Llamadas perdidas
ntes había un teléfono solo en la sala, quizá otro en la cocina y como lujo excesivo, uno en una habitación. Había que ser paciente, programar las cosas con tiempo, ponerse de acuerdo. A veces, si el teléfono se dañaba, pedírselo prestado a algún vecino. Si alguien se pinchaba en la carretera, quedaba a merced de la solidaridad ajena. Yo nací en ese mundo y ese mundo funcionaba. La gente tenía que confiar más en el otro; en su palabra y en su generosidad. La gente no cancelaba las citas al celular una hora antes. Tampoco podía filtrar las llamadas decidiendo con quién hablar y con quién no. No había mensajes de texto, no existía chat y no teníamos correo electrónico. Mucho menos el teléfono iba a tener todo esto incluido. Tuve mi primer celular a los 23 años. Nunca lo cargaba conmigo, en realidad lo conseguí porque donde vivía no había teléfono fijo, así que lo dejaba conectado y me iba. Solo hablaba cuando estaba en la casa. Si uno está acostumbrado a caminar sin celular se fija en otras cosas. Adivina la región de dónde viene un desplazado. Se acerca a un poste para ver la foto de un perro desaparecido. Mira a la vendedora de frunas y quizá le compra un paquete. No se tropieza. No es víctima de atracos con la misma frecuencia. No se estrella con igual facilidad.
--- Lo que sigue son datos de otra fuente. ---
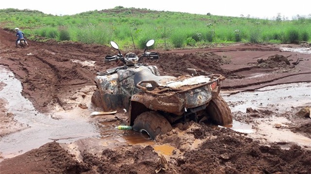 Theo ghi nhận của Zing.vn, thời điểm này thời tiết khu vực mưa nhiều, đường đi lại cực kỳ khó khăn. Khoảng cách từ trung tâm xã Đắk Ngo vào hiện trường hơn 20 km đường rừng. Lực lượng công an, bộ đội phải di chuyển bằng xe máy cày hoặc xe máy tự chế của người dân mới đi được.

No sé decir en qué momento el celular se volvió una extensión de mi cuerpo. En todo caso, ya había cumplido los treinta. Me acostumbré a contestar siempre. A ponerlo en silencio al entrar a un cine, a una reunión o a una iglesia. A evadir a las personas con quienes no quería hablar. A geo referenciar mi ubicación cada vez que contesto. A preguntarle a quien está al otro lado en dónde está. A programar la alarma en las noches para despertarme al día siguiente. A apuntar las citas de la semana, las tareas pendientes. Luego vino el correo en el teléfono, cada vez más inteligente. Me acostumbré entonces a revisar los mensajes en el taxi, mientras me tomaba un café o hacía la fila en un banco. Me acostumbré a conversar con mis hermanas por el chat, a mandar mensajes de texto para confirmar citas o a cancelarlas. Ya no me preguntaba de qué región era ese desplazado de ojos azules, ni notaba el color de sus ojos. Ahora me tropezaba más al caminar porque no me iba fijando. Digo me tropezaba, pero debí decir me tropiezo. Porque esa soy yo ahora. El teléfono vive en mí, como antes vivía en un lugar especial de la casa. A la entrada, sobre una mesita de caoba. O en la sala, junto al sillón de cuero. Ahora, lo llevamos puesto. Cada 3 o 10 minutos tiene algo que decir, algo que interrumpir, algo que comunicar. Para él todo es urgente, inaplazable. A veces, creo que soy su sirvienta.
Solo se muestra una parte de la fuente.